The invention relates to the technical field of information processing, in particular to a big data analysis system and a big data analysis method which are low in complexity, fast in computation speed and high in search efficiency. The big data analysis system is characterized in that a data analysis and extraction module used for completing key information extraction, a data preprocessing module used for preprocessing key information, a network construction module used for abstracting the preprocessed data into a network graph model, an operation discovery module used for partitioning the network graph model and performing further analysis operation, and a result output module used for outputting a discovery module are arranged. Compared with the prior art, the big data analysis system and the big data analysis method have the remarkable advantages that the classification, the defining and the output of a certain potential group can be completed by rapidly processing communication data among individuals; the processing speed is fast, the analysis efficiency is high, and the like.

Description

Large data analysis system and method
Technical field:
The present invention relates to technical field of information processing, specifically a kind of complexity be low, computing velocity is fast, large data analysis system that search efficiency is high and method.
Background technology:
Large data technique or claim flood tide data, refers to involved data quantity huge to cannot by current main software instrument, reaches to draw, manage, process and arranges and become the more positive object information of help enterprise management decision-making within the rational time.The strategic importance of large data counts does not lie in grasps huge data message, and be to carry out specialized process to these containing significant data, in other words, if large data are compared to a kind of industry, the key that so this industry realizes profit is to improve " working ability " to data, realizes increment by process data.

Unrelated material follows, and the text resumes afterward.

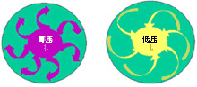 時針方向流轉(zhuǎn),在低氣壓區(qū)以逆時針方向流轉(zhuǎn)。如果是在地面,則按照氣壓與摩擦風(fēng)的關(guān)系,在高氣壓區(qū),風(fēng)一面以順時針方向流轉(zhuǎn),一面向周圍氣壓低的地方輻散開來,形成順時針外流的螺旋式氣流;而在低氣壓區(qū),風(fēng)一面以逆時針方向流轉(zhuǎn),一面向低壓中心區(qū)域匯流輻合進去,形成逆時針內(nèi)流的螺旋式氣流。

How from a large amount of, incomplete, noisy, fuzzy, random extracting data lie in wherein, ignorant in advance but process that the is information of potentially useful sometimes is called as data mining, obviously, the key of large data technique during data mining.
Summary of the invention:
The present invention is directed to the shortcoming and defect existed in prior art, propose a kind of complexity is low, computing velocity is fast, search efficiency is high large data analysis system and method.

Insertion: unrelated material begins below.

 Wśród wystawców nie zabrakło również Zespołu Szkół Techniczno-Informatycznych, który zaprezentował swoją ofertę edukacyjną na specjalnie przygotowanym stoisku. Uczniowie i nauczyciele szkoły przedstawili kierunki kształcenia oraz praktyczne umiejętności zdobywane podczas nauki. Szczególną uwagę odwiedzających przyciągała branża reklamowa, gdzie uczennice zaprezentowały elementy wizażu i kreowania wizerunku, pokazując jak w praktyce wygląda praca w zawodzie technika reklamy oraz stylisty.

The present invention is reached by following measures:
A kind of large data analysis system, is characterized in that being provided with the data analysis for completing key message extraction and extraction module; For carrying out pretreated data preprocessing module to key message; For by pretreated data abstraction being the network struction module of network graphics drawing; For carrying out network graphics drawing dividing and the computing discovery module of further analytic operation; For exporting the result output module finding result.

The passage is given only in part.